So a few years ago Dish wants to buy DTV but congress blocks it because it would be anti-competitive. What form of competition do the programmers have?

Should they have total free reign to charge what they want and even dictate how their product will be distributed without any influence from outside market forces?

The free networks compete with each other based on ratings. If they do not provide what we want to watch they lose $$$. They exist totally based upon ad revenue and while much of the pay tv we watch also is based on ad revenue as long as they are subsidised by our $$$'s then anytime they screw up and have bad product they can just raise rates to make up for it.

ESPN wants to bid on more sports... why just raise your rates and the fools who subscribe to pay tv will have to pay it because they forced themselves into the lowest packages even though they are one of the biggest "nitch" programming there can be.

-JB


----------



## James Long (Apr 17, 2003)

jrb531 said:


> How do companies introduce new products into the marketplace? (not talking about pay tv)


They find a way of reaching their audience and use it.
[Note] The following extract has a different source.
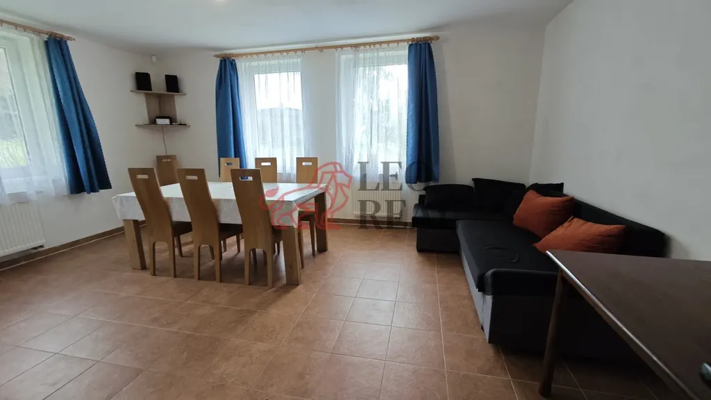 Obytná plocha domu je celkem 140 m2, v domě jsou 2 kuchyně, 2 koupelny a 4x toaleta. V koupelnách jsou sprchové kouty. Plastová okna s dvojskly. Vytápění zajišťuje elektrický kotel Protherm, ohřev vody 200L boiler, kanalizace tlaková, voda obecní.

The way you reach that audience varies by product. If you are selling a toilet brush you could set up a website, advertise said site via other websites or on TV, or just take telephone orders. If you wanted to enlist a sales force to go door to door that is another option. Or you could approach businesses that already sell similar products and convince them to put your product on their shelves. But before we go too far into the toilet, remember that we ARE talking about subscription TV - so we MUST treat the product as if it were the subject of this thread. Subscription TV channels cannot be delivered door to door like a toilet brush.

So how do companies introduce new products when they are TV channels? They go to cable and satellite providers directly and at trade shows and try to convince them that their channel is worth the space needed to carry it on their system. They may try to start a grass roots effort among potential subscribers to have them contact their cable/satellite system and ask for the channel. But EVEN IF THE CHANNEL IS A LA CARTE the programmer must convince cable/satellite providers to carry the channel.
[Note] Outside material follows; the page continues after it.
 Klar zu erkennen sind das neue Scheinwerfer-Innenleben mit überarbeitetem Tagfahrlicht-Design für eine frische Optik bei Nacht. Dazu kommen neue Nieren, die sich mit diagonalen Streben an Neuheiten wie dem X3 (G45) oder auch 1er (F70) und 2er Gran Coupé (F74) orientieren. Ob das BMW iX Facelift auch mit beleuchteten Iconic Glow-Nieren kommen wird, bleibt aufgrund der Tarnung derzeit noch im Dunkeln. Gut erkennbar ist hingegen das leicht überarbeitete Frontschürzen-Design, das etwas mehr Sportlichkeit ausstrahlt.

How do they get people to subscribe? That's a harder issue. If it is not an a la carte channel the program provider does not have to worry about getting people to subscribe - their job is finished when the channel is added and they can move on to getting people to watch. (Even if a channel is a la carte and paid for does not guarantee that it will be watched.) If the channel is presented on an a la carte basis the plea to get people to watch becomes secondary to getting people to subscribe.


jrb531 said:


> If other markets can survive and thrive what is so different in regards to pay TV?


The delivery systems are different - and congress CANNOT change physics. There is limited space on cable systems (and satellite systems). If a cable/satellite provider cannot guarantee a return on their investment of space on their system they may not bother adding the channel.


jrb531 said:


> Everything you said makes sense but you could also say that magazines or other consumer goods. It will always be cheaper to sell in bulk but yet I can subscribe to one magazine without taking 10 of them. I can by a can of pop without a case.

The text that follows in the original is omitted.